Responding to the issues, Customs Spokespersons, Abdullahi Maiwada, said that there was never two approvals, maintaining that FEC approved one trade modernisation project.
“How could someone get approval from FEC and Customs, an agency of the Federal Government will refuse the right to perform that function. Is there any agency bigger than the government? Those are propaganda going around.” He maintained that it is a Federal Government project that was ratify by ICIR and all due process followed.

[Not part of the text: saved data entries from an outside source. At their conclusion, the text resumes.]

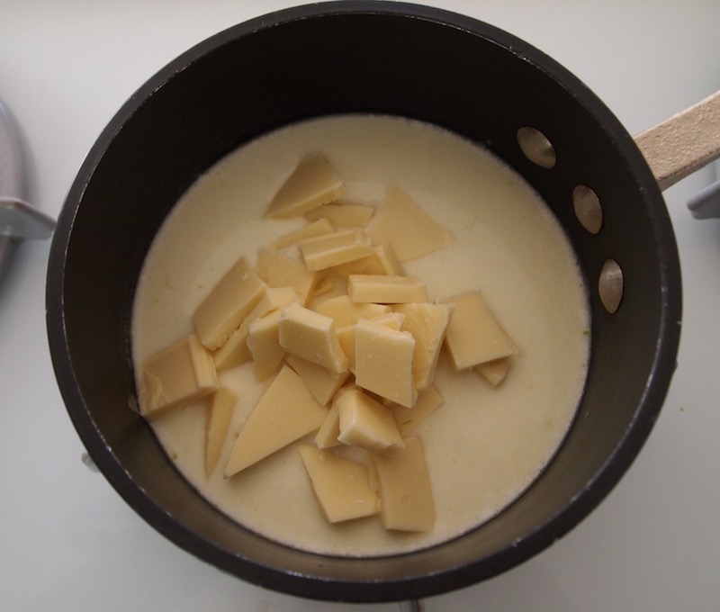 The recipe starts with a white chocolate base that is briefly cooked in order to melt the chocolate. (The original recipe called for 6 ounces of white chocolate, but I discovered that my pantry had only a 4 ounce bar. I think it worked just fine.)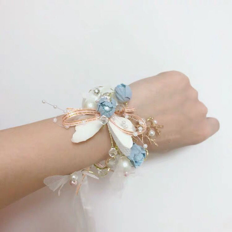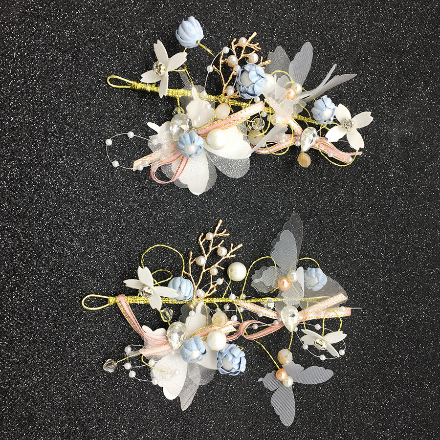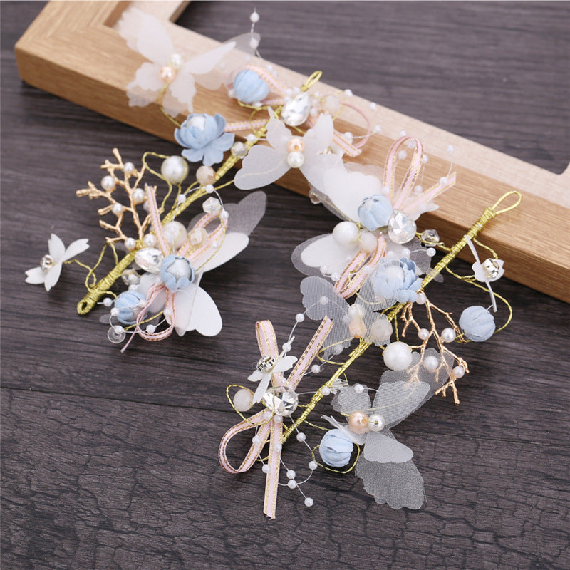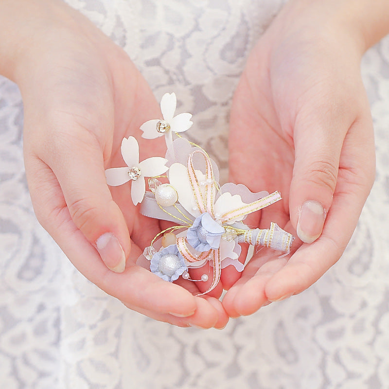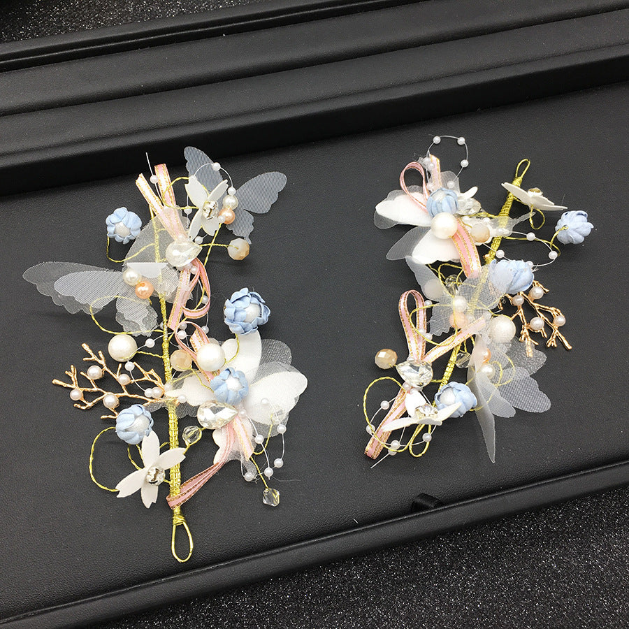 color : A complete set of 3 pieces, a single blue hair band, a refined version of short hair accessories, a blue bracelet, blue boutonniere, white wrist flower, purple bracelet, small blue bracelet, small pink bracelet, blue boutonnier e ,pink boutonniere ,pink long hair band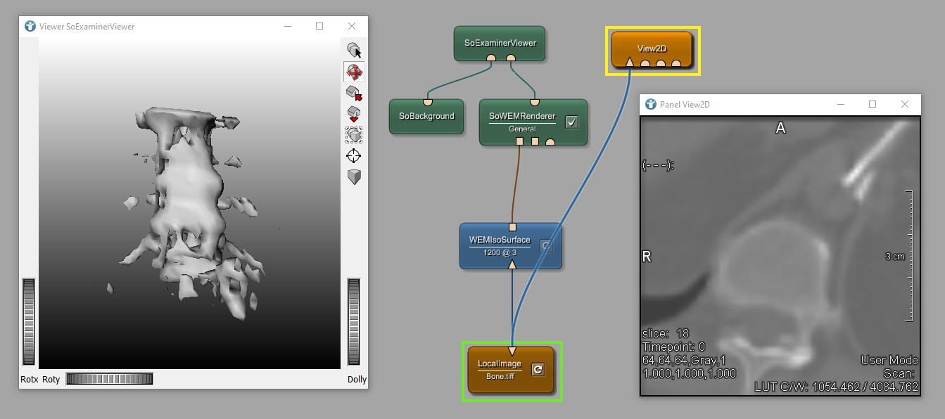At first, we will create a WEM out of a voxel image using the module WEMIsoSurface. Add and connect the shown modules. Load the image $(DemoDataPath)/Bone.tiff and set the WEMIsoSurface to 1200. Tick the checkbox WEMIsoSurface creates surface objects out of all voxels with an isovalue equal or above 1200 (and smaller than the image’s maximum value). The module SoWEMRenderer can now be used to generate an Open Inventor scene, which can be displayed by the module SoExaminerViewer.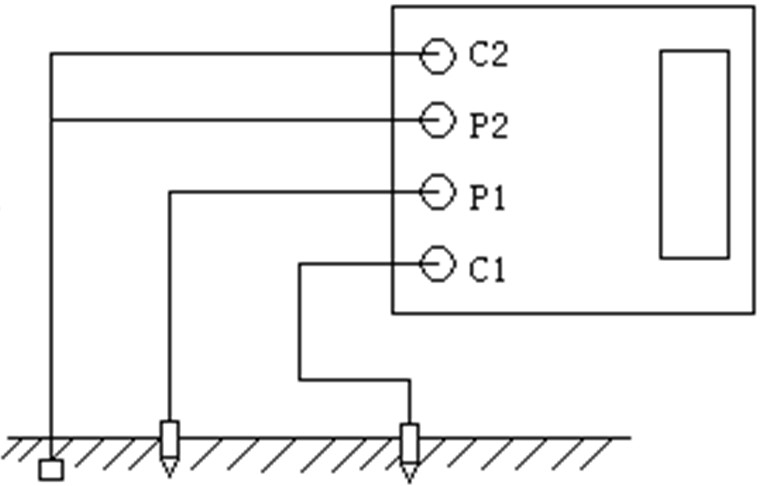 1、測(cè)量保護(hù)接地電阻時(shí),一定要斷開電氣設(shè)備與電源連接點(diǎn)。在測(cè)量小于1Ω的接地電阻時(shí),應(yīng)分別用專用導(dǎo)線連在接地體上,C2在外側(cè)P2在內(nèi)側(cè)(如下圖)所示: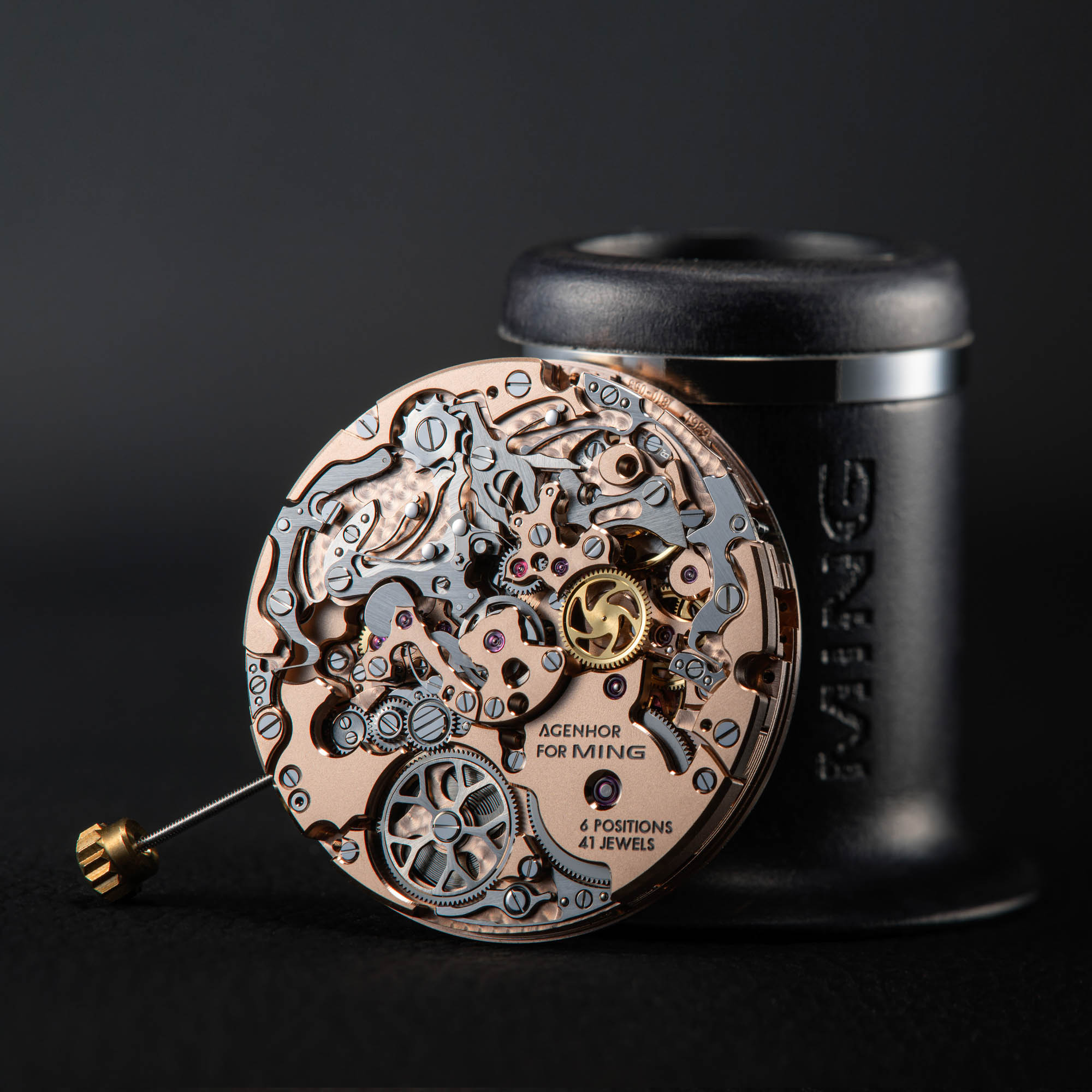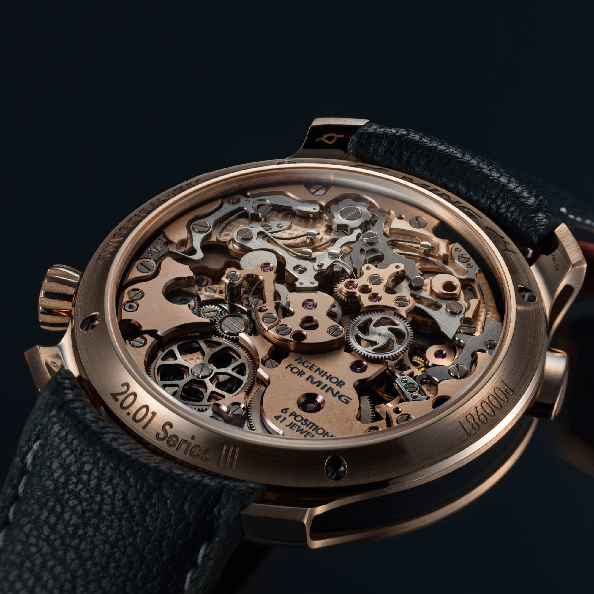 The new MING 20.01 Series 3 is powered by the same Agenhor-designed Agengraphe Cal. 6361.M1, as found in the 20.01 Series 2, with a fresh finish featuring rose-gold-coated plates and bridges, visible through the sapphire caseback. This manual-wind movement is a more streamlined version of the original Agengraphe with three central chronograph hands and two peripheral hands for the time. A similar approach, with just the four hands mounted on the centre axis – a minute hand, an hour hand, and two additional chronograph hands for the seconds and minutes, was used by H. Moser & Cie. for its Streamliner Flyback Chronograph. In that case, the HMC 902 calibre, also developed by Agenhor, retained its automatic winding mechanism. The MING 20.01 Series 3 calibre 6361.M1 offers a power reserve of 55 hours, and the movement, which includes Agenhor’s proprietary coupling mechanism, regulator, and upgraded clutch, is adjusted to six positions.
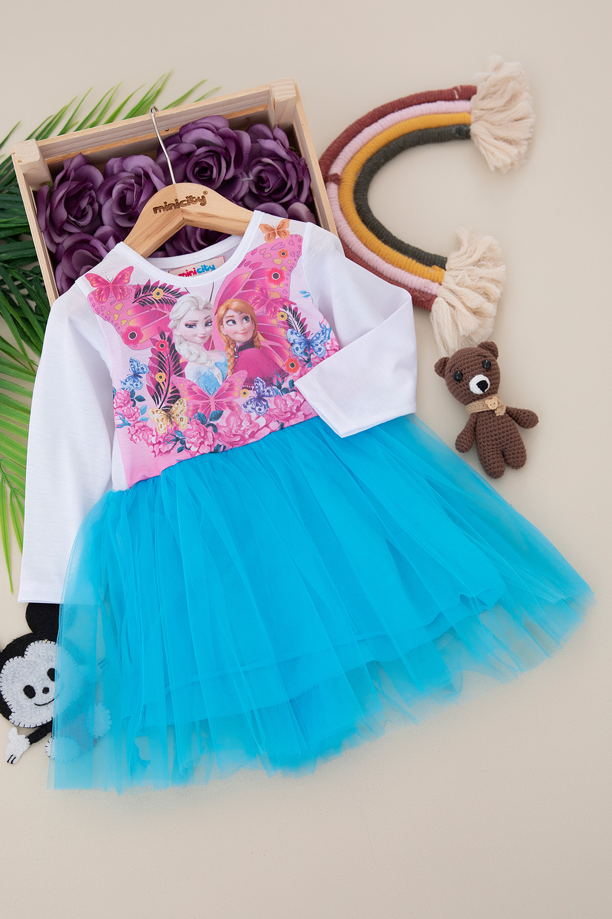 Kız Bebek Baskılı Tüllü Elbise - 444 (3-5 Yaş)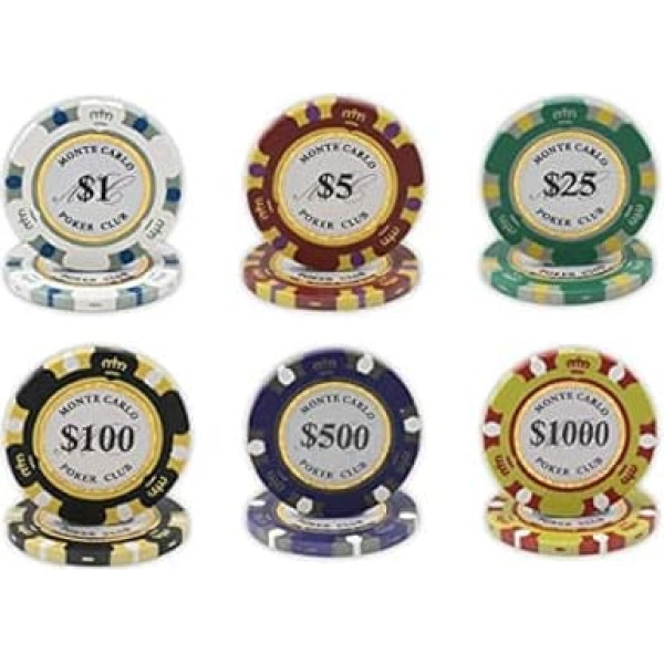 DA VINCI Monte Carlo pokera kluba 500 14 g trīskrāsu žetonu komplekts ar alumīnija futrālīti, kartēm, 2 šķeltām kartēm, dīlera un "aklo" žetonu pogām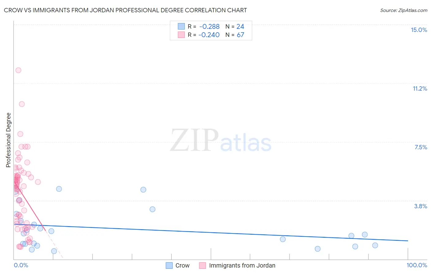 Crow vs Immigrants from Jordan Professional Degree Correlation Chart

“And as far as I am concerned, the project is ongoing and very soon we would see the fruits of what has been done in the next couples of days. “The consortium, where is the FEC approval they got. All I know as the spokesperson of the Customs and I do not want to be involved in battles between two parties, but all I know is that the process is ongoing.
“And today (Friday) I visited the Project Management Office and there are positive developments around the project. And I know that we would deliver. Any issues between the two parties should not be what I should be concerned about.
“It has been approved by FEC and I do not have a counter directive to that. The project is ongoing; there are working groups that have been given mandates. There is a Project Steering Committee with a Project Implementation Committee that has five working groups. And they are working day and night to deliver within the time frame.”